Shareholders’ support helps Singapore Air beat pandemic

 

Bloomberg

The day after Wuhan went into a lockdown in January 2020, Singapore Airlines Ltd Chief Executive Officer Goh Choon Phong called a crisis meeting at Airline House, the company’s massive, factory-like headquarters at the end of Changi Airport’s runways. The question to be answered: How bad is this going to be?
Within weeks, as China locked down more cities to try to stop the novel coronavirus spreading and nations began to shut their borders, a chilling reality emerged.
Goh and other executives realised that if they didn’t take drastic action fast, the airline that Singapore spent seven decades building into one of the world’s largest and most respected international carriers could go out of business.
“At that point, absolutely we were serious about it,” Goh said in an interview.
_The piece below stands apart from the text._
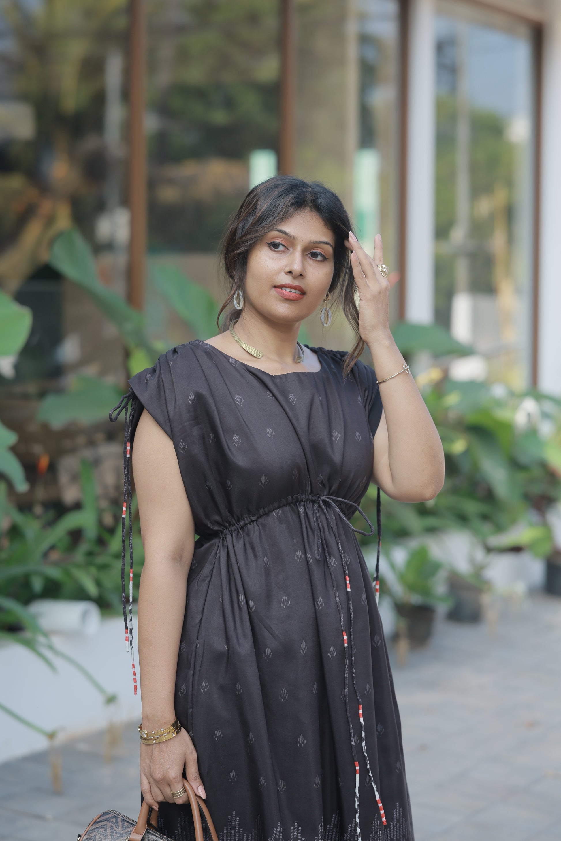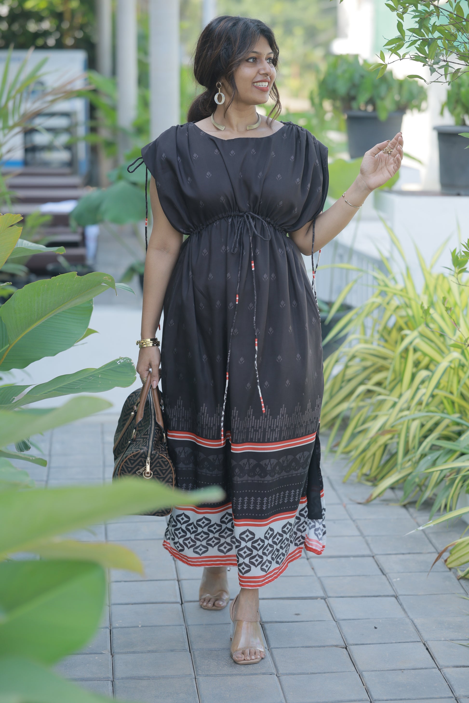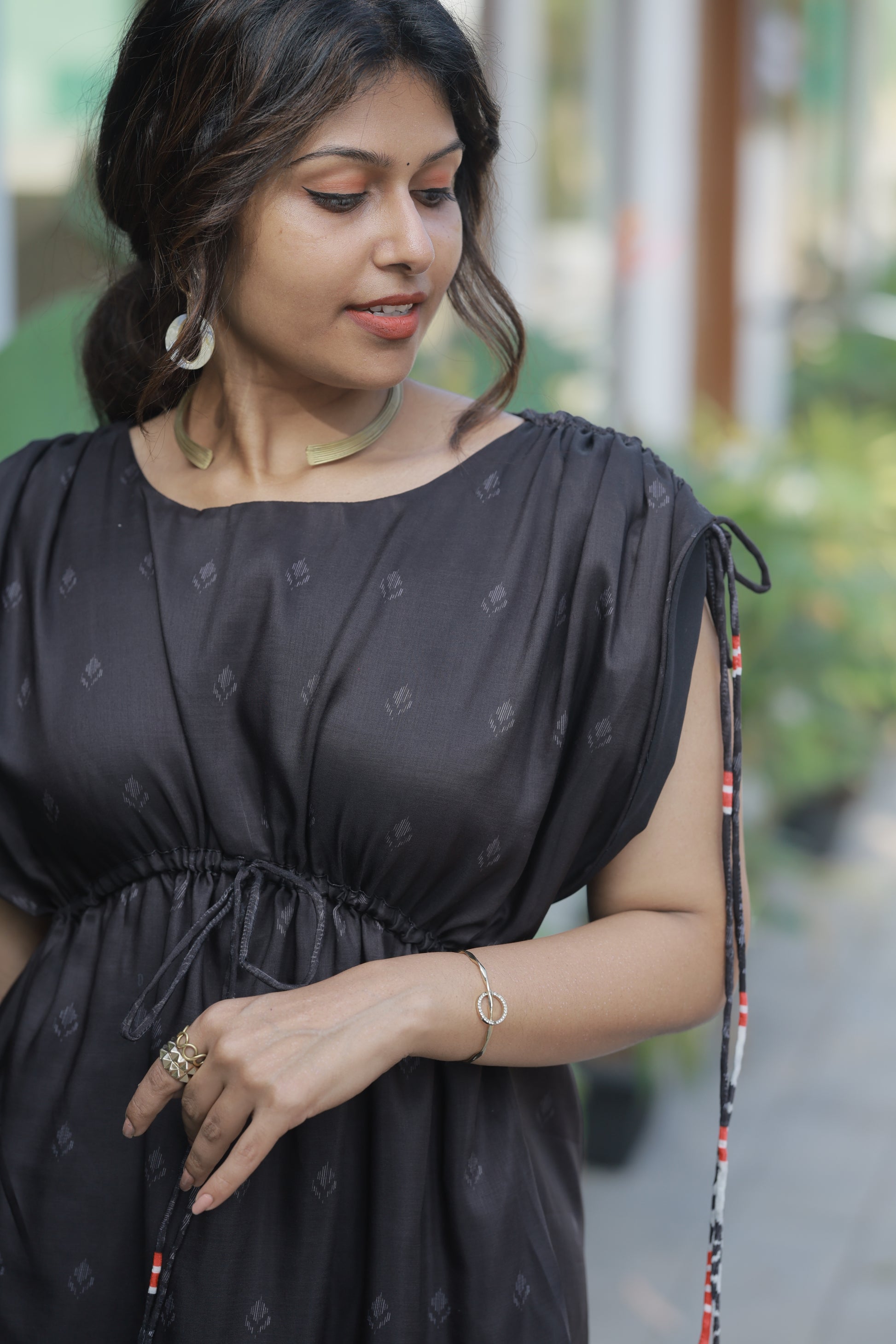 Meet your new wardrobe obsession. The Urban Black isn't just a dress—it's that effortless piece you'll reach for again and again. Crafted in luxurious masleen print fabric, this stunning black maxi features delicate all-over motifs that catch the light beautifully and photograph like a dream.

The company could not take for granted that it would be bailed out, he said.
What emerged over those tense weeks of meetings, while airlines around the world filed for bankruptcy or sought state help to stay alive, was a new strategy at Singapore’s flag-carrier — one that not only allowed the airline to weather the pandemic, but would set it up to capitalise on the weakened state of its competitors once travel began to rebound.
Consistently voted one of the world’s top three airlines for the past decade, the company could only wait for the pandemic to run its course.
Unlike rivals such as Qantas Airways, or Delta Air Lines, Singapore Airlines has no domestic market.
By April 2020, it was operating at just 3% of pre-Covid capacity. Persuading investors to put up money for a business that was burning through as much as $291 million a month, was the key to survival, according to Lee Lik Hsin, executive vice president of commercial operations.
“Stakeholders came in to support us very strongly,” Lee said. “They recognised the importance of Singapore Airlines to the Singapore hub and then to the Singapore economy as a whole.”
The willingness of retail and institutional investors to buy the shares and bonds was partly a testament to the airline’s status in the country. Support from state-owned investment firm Temasek Holdings Pte. was also crucial to the fundraising.
Singapore Airlines still faces headwinds from the tail of the pandemic and the war in Ukraine. By the end of September it will only be back to two-thirds of its pre-Covid capacity.